[SciPy-Dev] Resolving PR 235: t-statistic = 0/0 case

Wed Jun 6 16:18:11 EDT 2012

Hi all,

This mail references PR 235: https://github.com/scipy/scipy/pull/235

The PR adds a method for performing a t-test on 2 samples with unequal 
or unknown variances and changes the return value when the t-statistic = 
0 / 0 to 0 from the previous code's return value, 1, for all t-test 
functions.

The latter change is a point of contention for the pull. I take the 
position that t = 0/0 should return 0, while Josef, the primary 
scipy.stats maintainer, believes that t = 0/0 should return one. 
Normally I would try to resolve this directly with Josef, but 
unfortunately I haven't heard from him in over two days, and the beta 
release is scheduled for Saturday. As such, I'm writing the dev list to 
ask what to do next.

Josef's position, to the best of my ability to understand it, is that:

J1) Adding a small amount of noise to data sets that have otherwise 
equal means (e.g. [0,0,0,0], [0,0,0,1e-100]) results in a t-statistic of 
1. Thus, as the mean difference approaches zero, t -> 1.
J2) A data set with no mean difference and no variance is a zero 
probability event. As such, returning t = 1 is reasonable, as therefore 
p = 0.317-0.5 for a two tailed test depending on the degrees of freedom, 
and hence for standard values of alpha the null hypothesis will not be 
rejected, but the user gets some feedback that his data is suspect.

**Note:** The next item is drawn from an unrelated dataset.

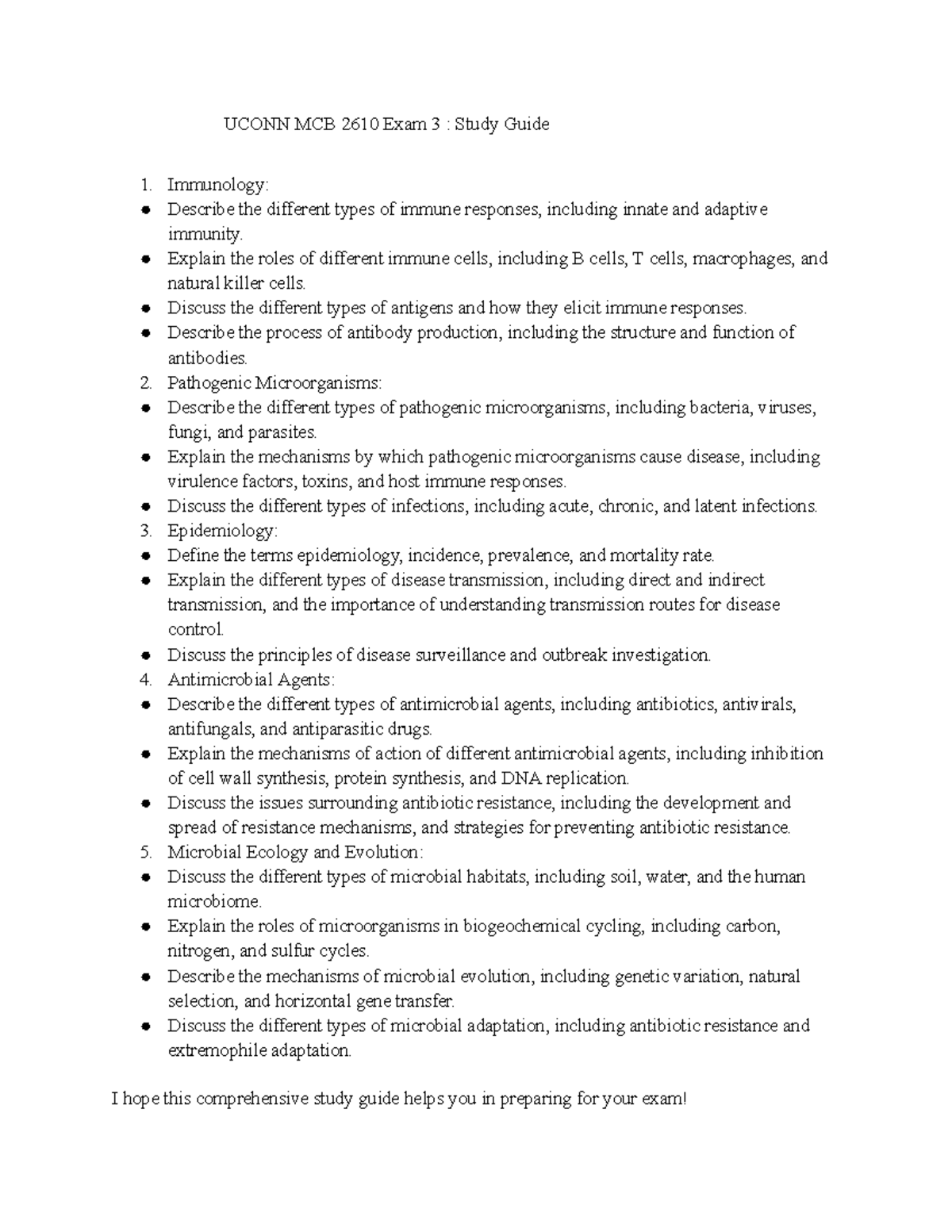 Uconn MCB 2610 Exam 3 Study Guide UCONN MCB 2610 Exam 3 Study Guide

I admit I don't completely understand the second argument. Hopefully 
when Josef resurfaces he can correct my representation of his argument 
if needed.

My responses to these arguments are:

J1) If you take the n-length vectors (x,...,x) and (x,...x,x+y) and 
solve for t, t = 1 for any value of x and y. This is simply due to the 
fact that the the mean difference is y/n and the pooled variance (e.g. 
the denominator of the t-statistic) is also y/n. Thus this is merely a 
special case and does not represent a limit as the mean difference 
approaches zero, since even for [0,0,0,0], [0,0,0,1e100] t = 1.

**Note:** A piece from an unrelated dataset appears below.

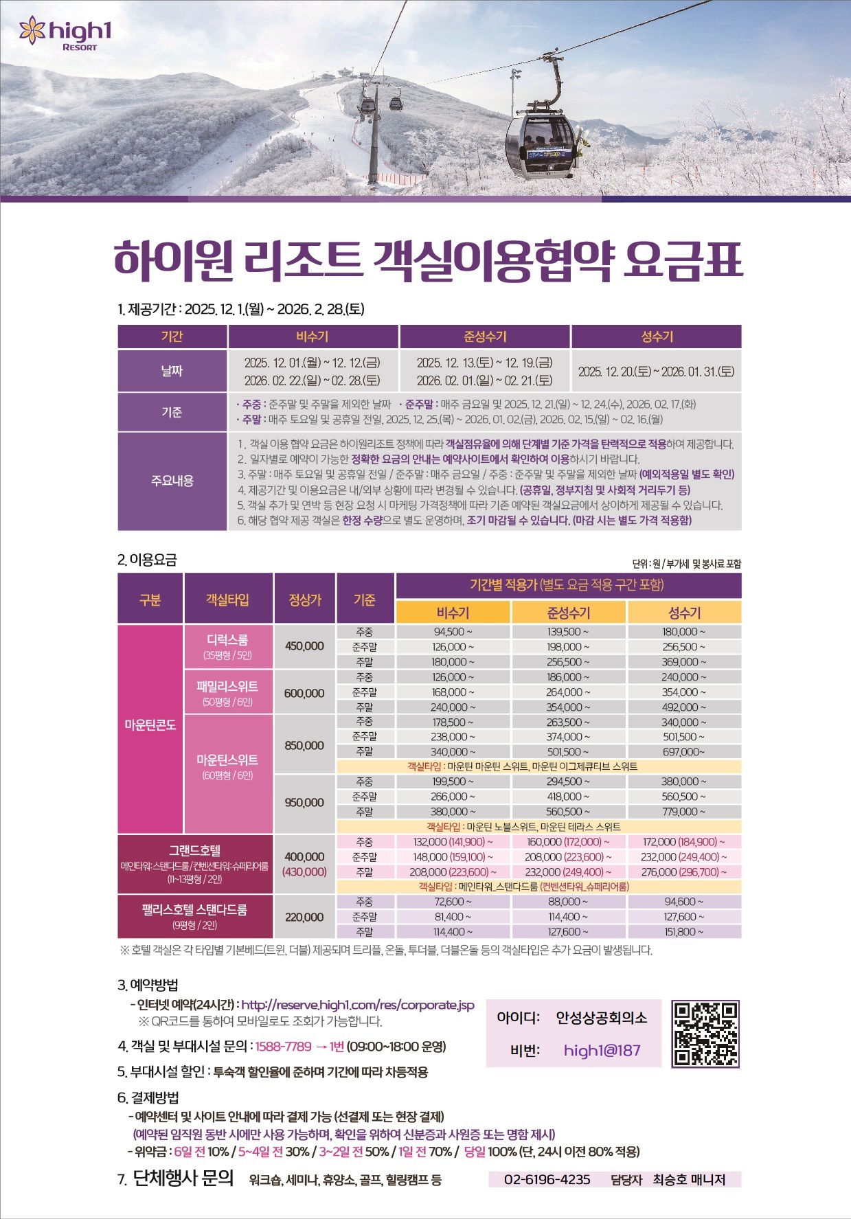 ▶ 하이원리조트 - 이용안내 : 하이원리조트 객실 및 부대시설 할인 - 이용기간 : ~ 2026년 2월 28일까지 - 예약방법 : 법인전용사이트 접속 (클릭) * 로그인 ID(안성상공회의소) / PW(high1@187) 입력

J2) Strictly speaking, if we're pulling independent random samples from 
a normal distribution over the reals, say, any given set of samples has 
zero probability since there are an infinite number of possible samples. 
The sample [0,0,0] is just as probable as the sample [2.3, 7.4, 2.1]. In 
a discrete distribution, in fact, the sample [0,0,0] is *more* likely 
than any other sample. Also, we're now analyzing the legitimacy of the 
user's data, which is not the job of the t-test. The t-test is expected 
to take a data set(s) and provide a measure of the strength of the 
evidence that the means are different. Is it not expected to comment on 
the validity of the user's data.

My arguments that 0 is the correct answer to return are:

1) if MD = mean difference and PV = pooled variance, then t = MD/PV. As 
MD -> 0 for any PV > 0, t -> 0. However, if we set t = 0/0 = 1 and MD = 
0, as PV -> 0 we introduce a discontinuity at zero since t = 0 for any 
value of PV except 0, where t = 1. This implies that for MD = PV = 0, t 
= 1, but if the variance of the dataset is infinitesimally small but 
!=0, then t = 0. To me, this makes no sense.

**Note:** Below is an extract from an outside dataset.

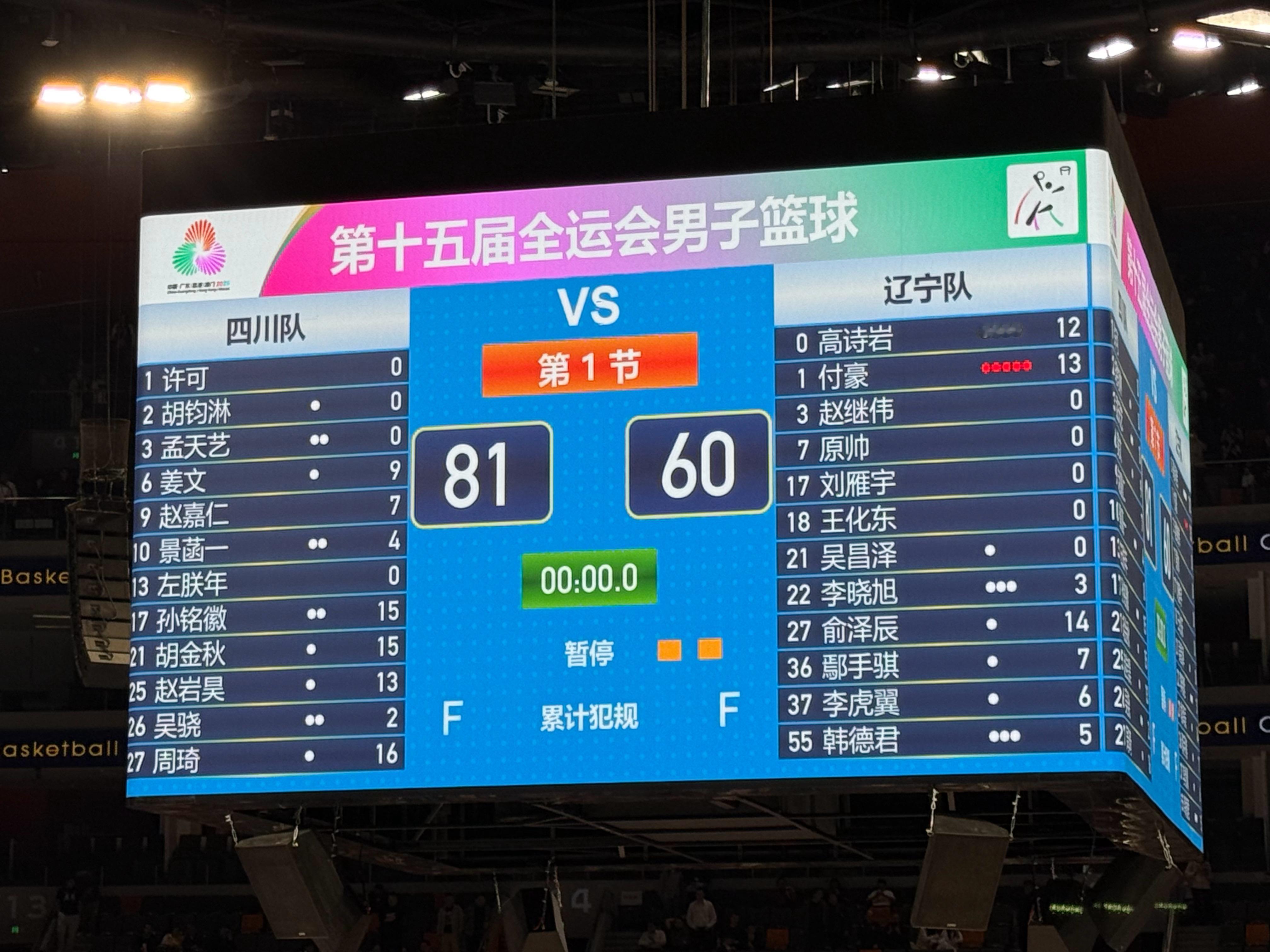 四川全运男篮81-60击败辽宁,获得本届赛事第三名

2) The t-test's purpose is to measure the strength of the evidence 
against the null hypothesis that MD = 0. If MD = 0, as in the case we're 
discussing, by definition there is no evidence that MD != 0. Therefore p 
must = 1, and as a consequence t must = 0.

I also consulted with a statistics professor - who agreed with my 
position - to make sure I wasn't talking out of turn.

In summary, I think that if t = 0/0 we should return 0. However, both R 
and Matlab return NaN. To me this seems incorrect due to argument #2.  
Josef also mentioned there were users of scipy.stats.stats that didn't 
want NaN return values for some reason that I don't know offhand.

How would the Scipy devs like to proceed?

Cheers, Gavin